Узнаю по голосу — таманский казак Витрук.
— Ты когда же связным стал?
— Другый день. Бьют дуже, мерзявкн…
Он приходил недавно в санроту с больным животом.
— Ну, как твой живот?
— Та так… Не пырижкы з маком имо́…
Трогаемся, спускаемся по траншее.
— Куда ранен комбат?
— У груди.
— Слушай, чего у вас две ночи назад такой переполох в батальоне был?
— Котячий концерт фрицу пидстроилы… Они, мерзявки, дыхнуть нам не давалы. А ни забалакай, ни ногой не ступы — на усякий шум зараз огонь фриц видкрывав. Ото й мы выришилы нервы им пощекотать. Банок порожних з консервив позбиралы и на мотузок, як тую рыбку, понавшпалы — и спереду окопив на дрючках протягнулы. Кинци мотузка — у блиндаж: й дьорг — банки як загурчать! Фрицы почали быть — думалы, мы наступаемо. Потим воны доперлы — пересталы бахкать. А ми их обдурылы — сьогодня пид концерт тры блиндажа захопылы…
Кончаются траншеи. Вылезаем на виноградники, сворачиваем на запад от моря, к сопке.
— Лягайте, — говорит Витрук. — Тепер на пузи до самого кинця ползить.
Здесь все пристреляно. С дальних гребней-высоток немцы бьют из крупнокалиберных пулеметов. Пули трассирующие. Чуть приподнимаю голову и вижу, как огненные хвосты взвиваются в небо. Время от времени немец кидает мины.
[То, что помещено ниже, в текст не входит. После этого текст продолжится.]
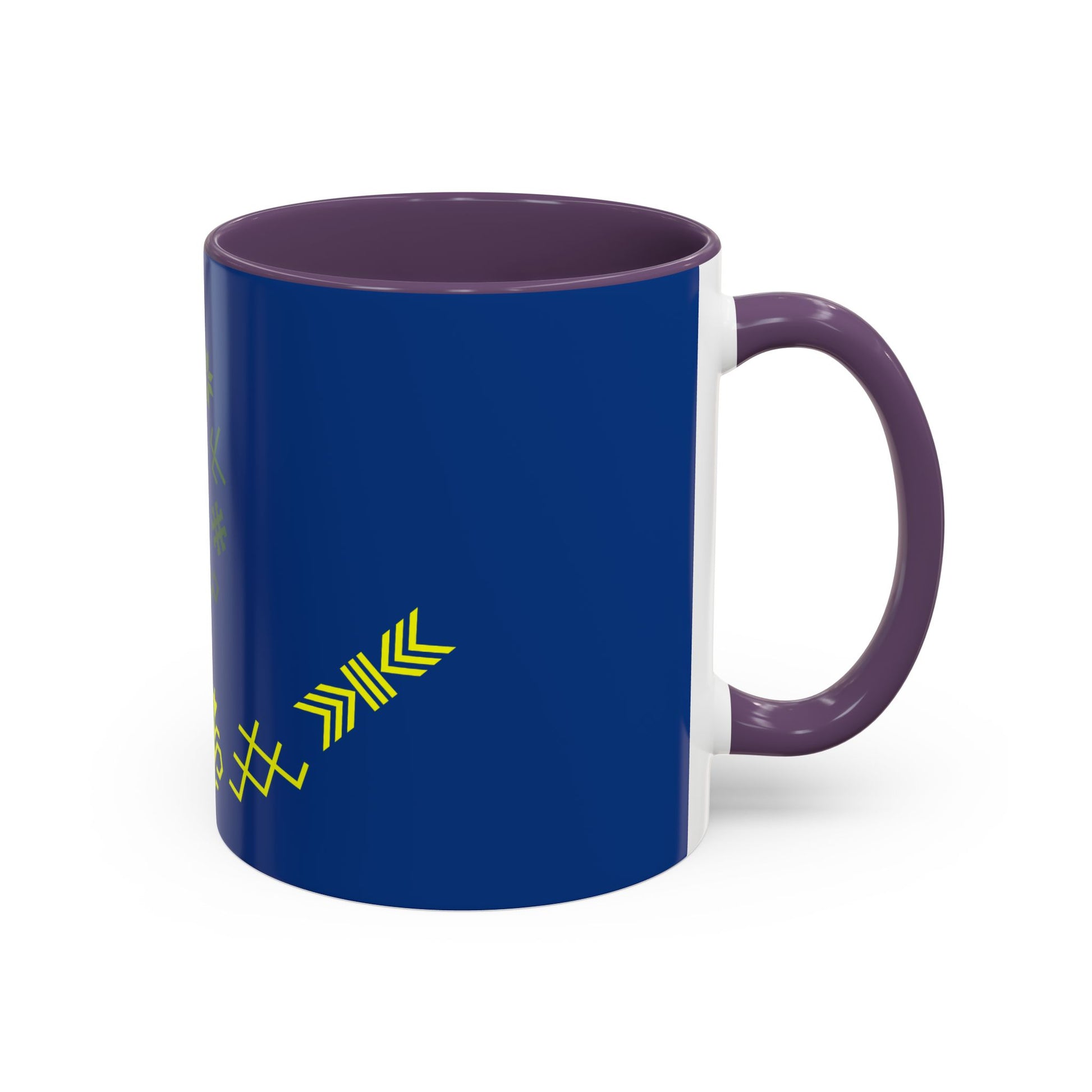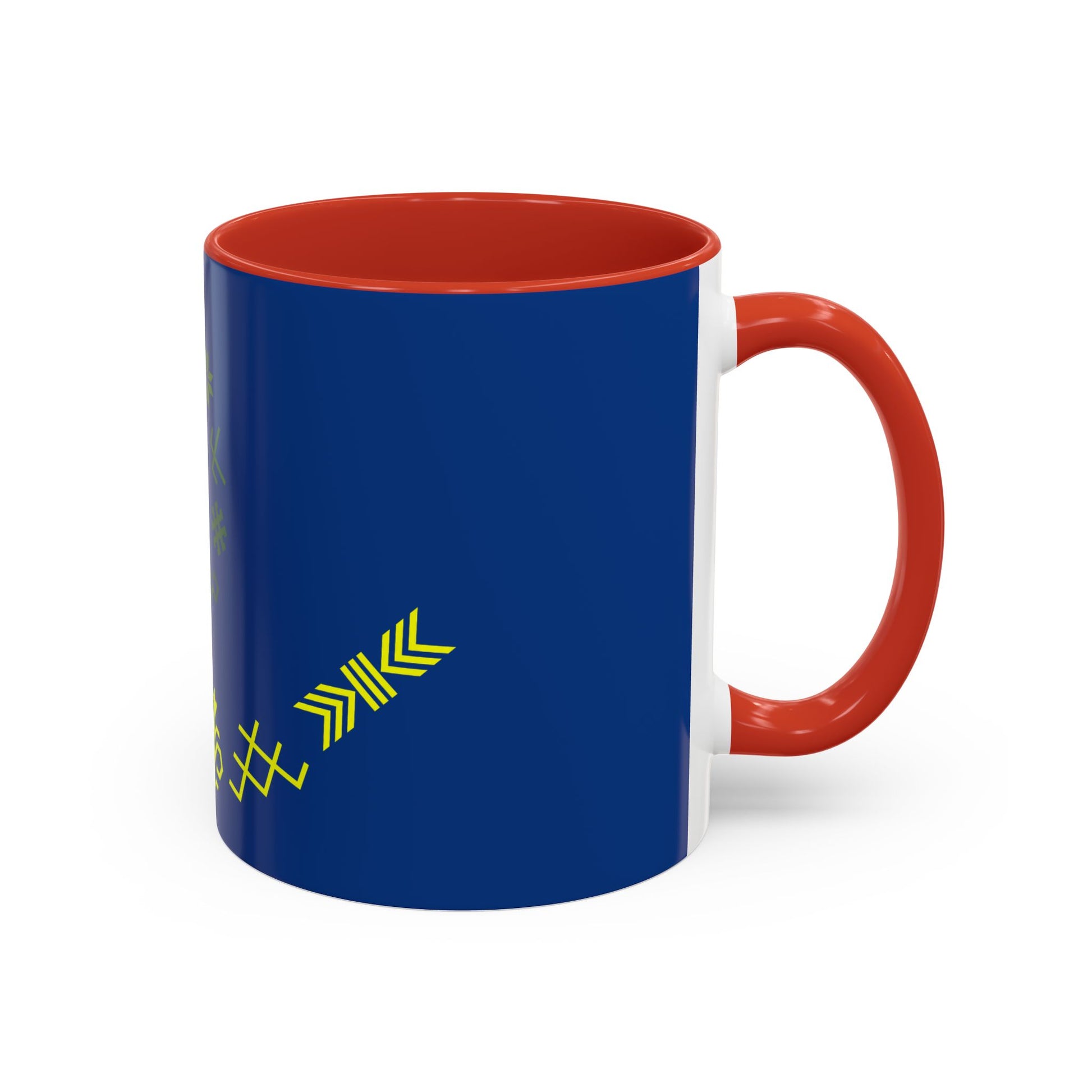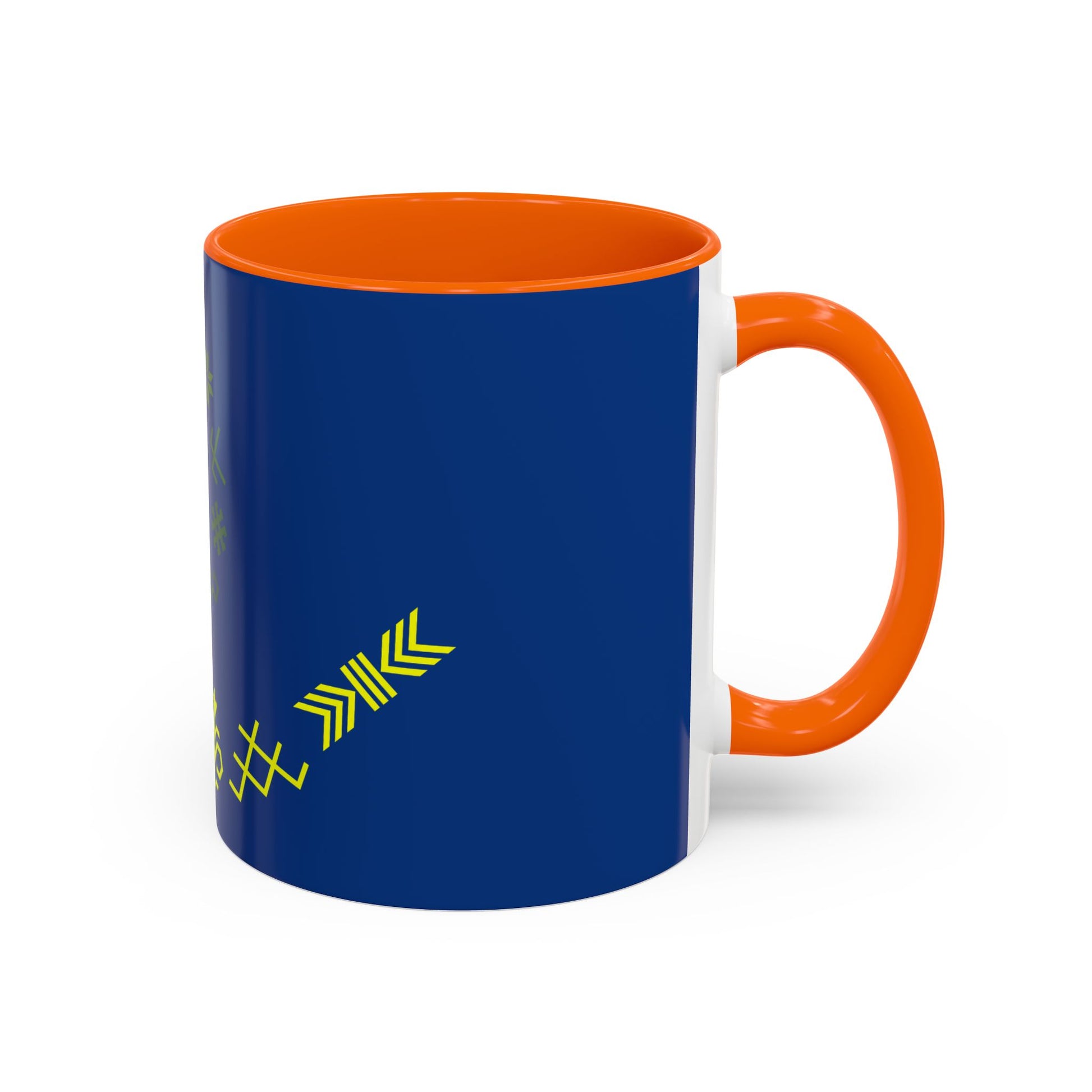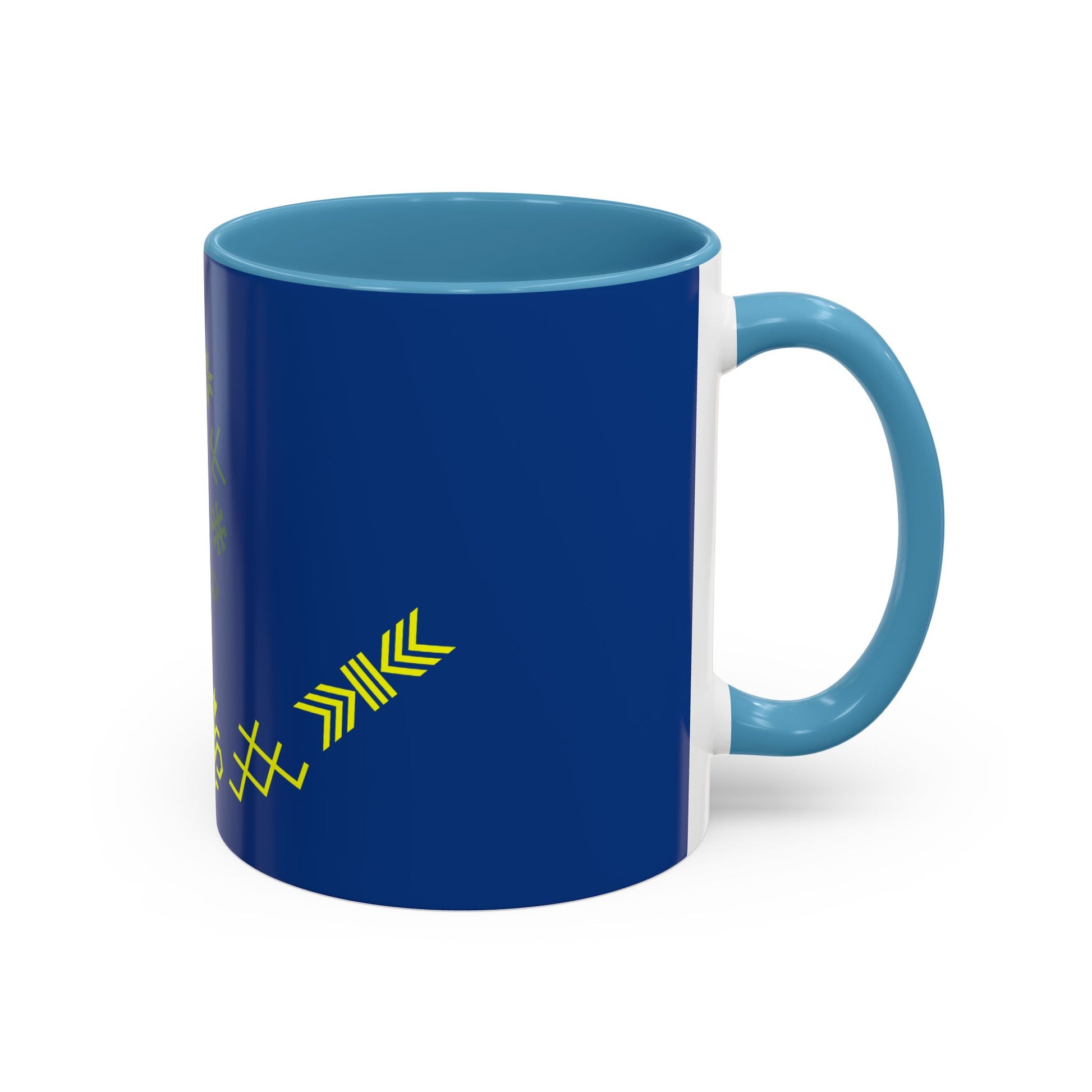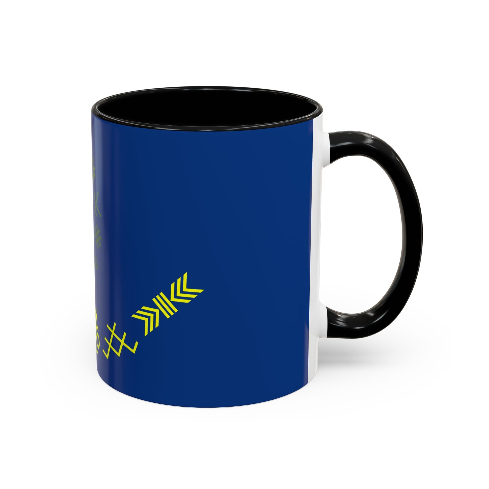 Warmth in hand and a quiet nod to heritage. This ceramic mug pairs a deep navy exterior with a glossy black interior and handle, and a ring of lime-yellow folk motifs that orbit a delicate snowflake-like medallion. It feels like a slow morning ritual in a cozy kitchen — fragrant coffee, soft light, and patterns that spark a memory of handcrafted textiles. Built sturdy for everyday use, it brings a little intentional beauty to routines and small gatherings alike.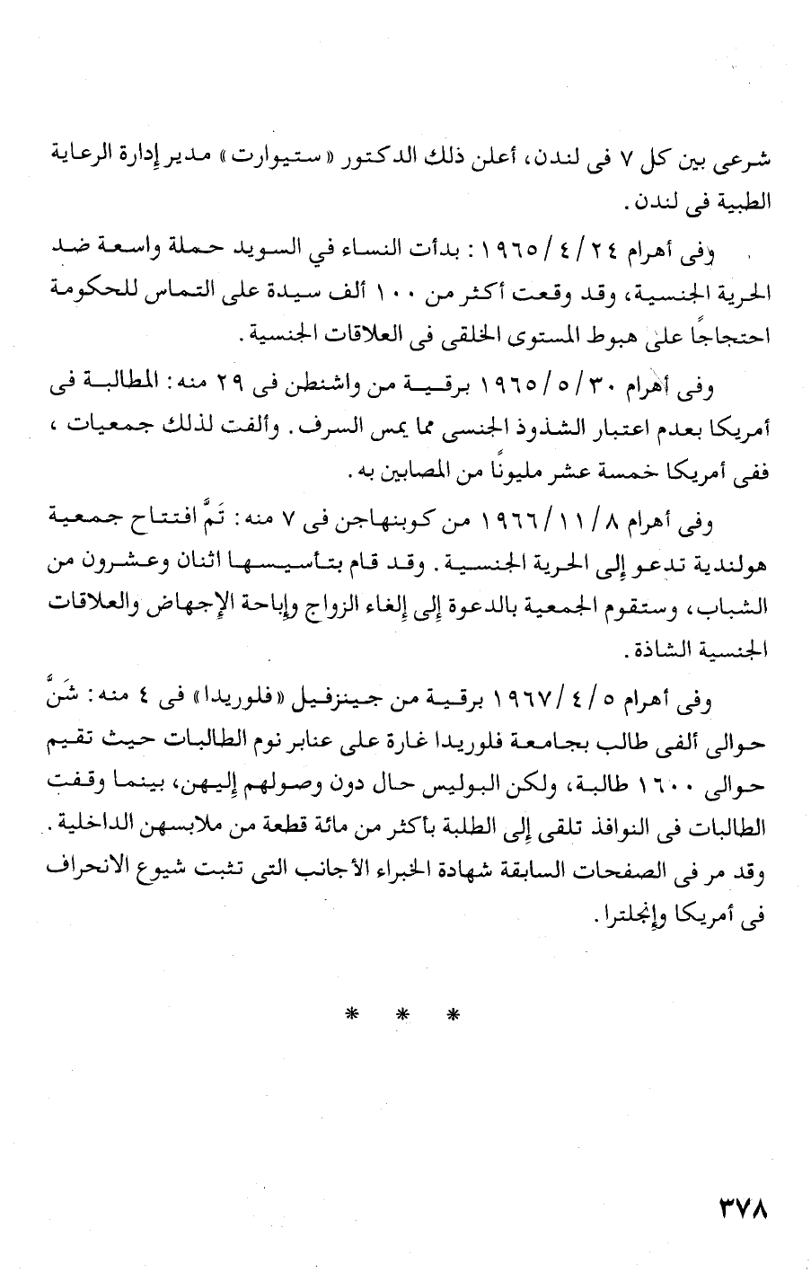 احتجاجا على هبوط المستوى الخلقى فى العلاقات الجنسية.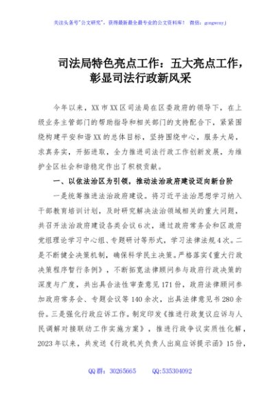 / 司法局特色亮点工作:五大亮点工作,彰显司法行政新风采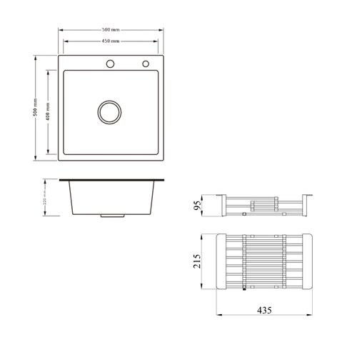 Комплект Lidz Handmade H5050HB Мийка для кухні інтегрована Decor Black PVD Honeycomb у комплекті з дозатором + Lidz K01G Корзина для кухонної мийки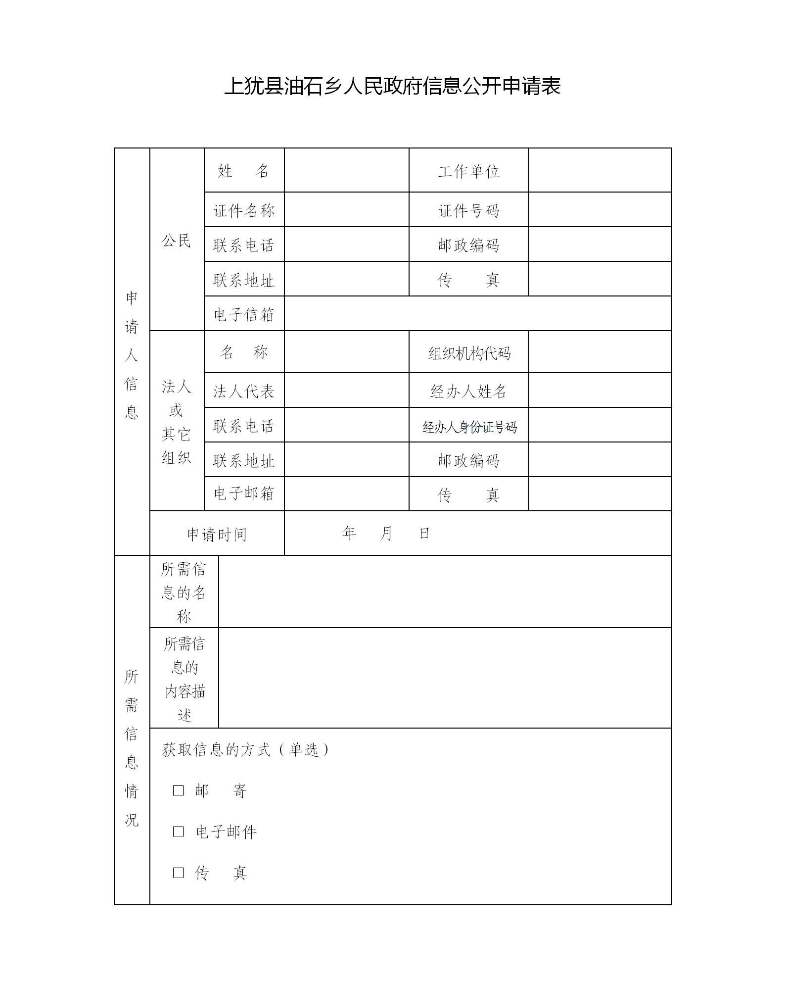 (4)當(dāng)面申請:申請人可以到油石鄉(xiāng)政府辦公室,當(dāng)面遞交政府信息公開申請。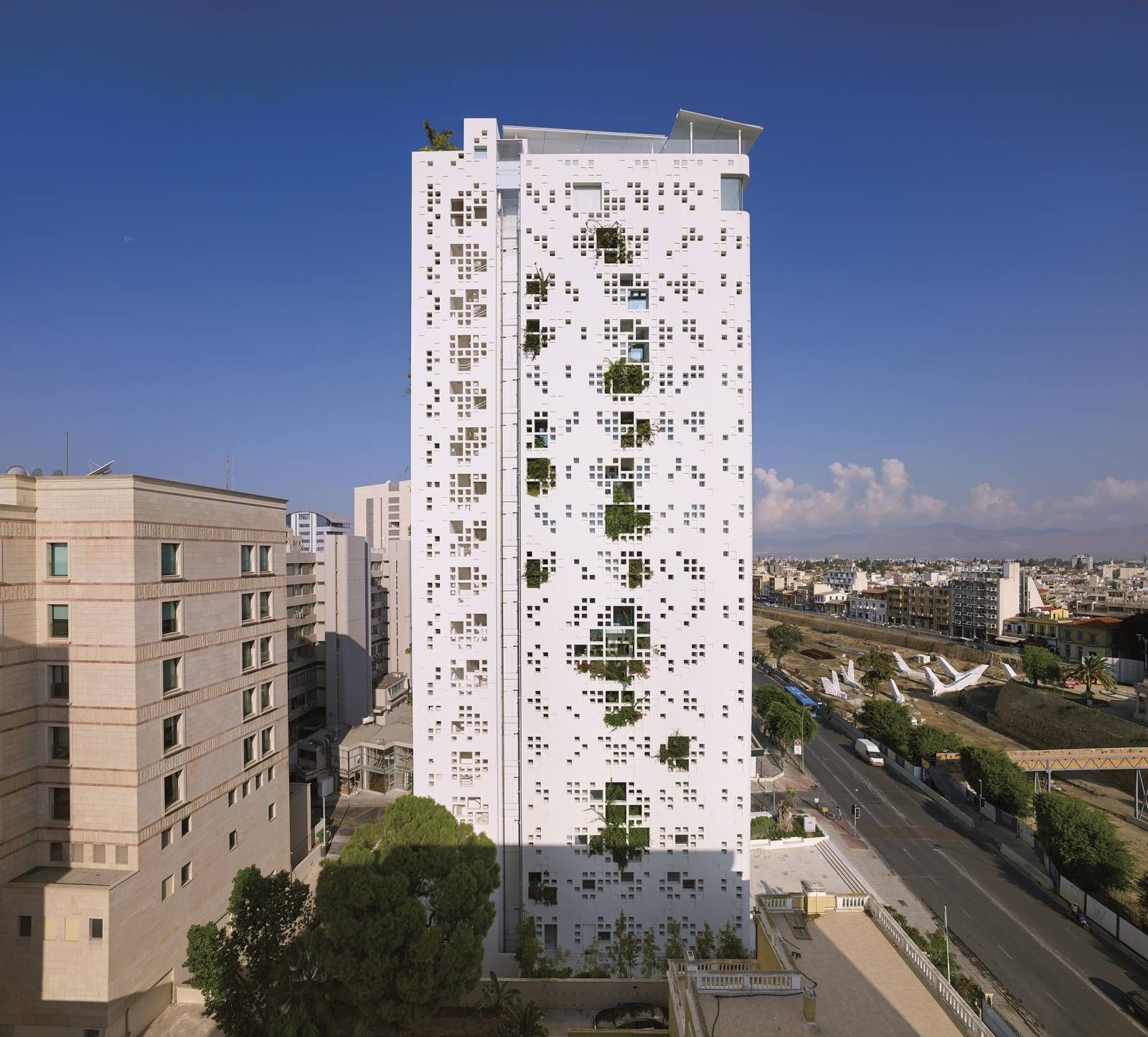 The iconic tower designed by Jean Nouvel at the center of Nicosia, next to Eleftheria Square transforms the city silhouette of Nicosia. The program includes 10- story residential apartments, a 6-story office space, and a 2-story retail area. This verticality in relation to the horizontality of the medieval walls and the moat that enclose the old part of the city sets the stage for a series of inversions that are characteristic of the building. The 67-meter high building will be the culminating landmark of the city.

— От мерзявки, — шипит Витрук.
Продвигаемся метр за метром. Место ровное, как футбольное поле. Грязь. Ползу, а все думаю о доме и родных. «Отец что-то ничего из Донбасса не пишет, — беспокоится мама, — когда уезжал, был нездоров — стали пухнуть ноги». Отец мне еще в Махачкалу писал, что у него что-то вроде ревматизма; просил прислать растирку какую-нибудь. А мама сейчас объясняет: ноги у него заболели от недоедания. Когда они эвакуировались на Урал, несколько месяцев на одной картошке сидели. Вовка тогда еще не работал и, чтобы не хотелось есть, уходил в кино и смотрел три-четыре сеанса подряд. Эх, отец! В письмах ты мне все: «Урал кует победу» — и никогда ни слова о трудностях. Хочется сказать тебе что-нибудь теплое. Помнишь, как ты мне в детстве пел песню о чайке, которую шутя подстрелил охотник? Каждый раз, слушая, я плакал — так было жалко чайку. А как ты повел меня первый раз в цирк?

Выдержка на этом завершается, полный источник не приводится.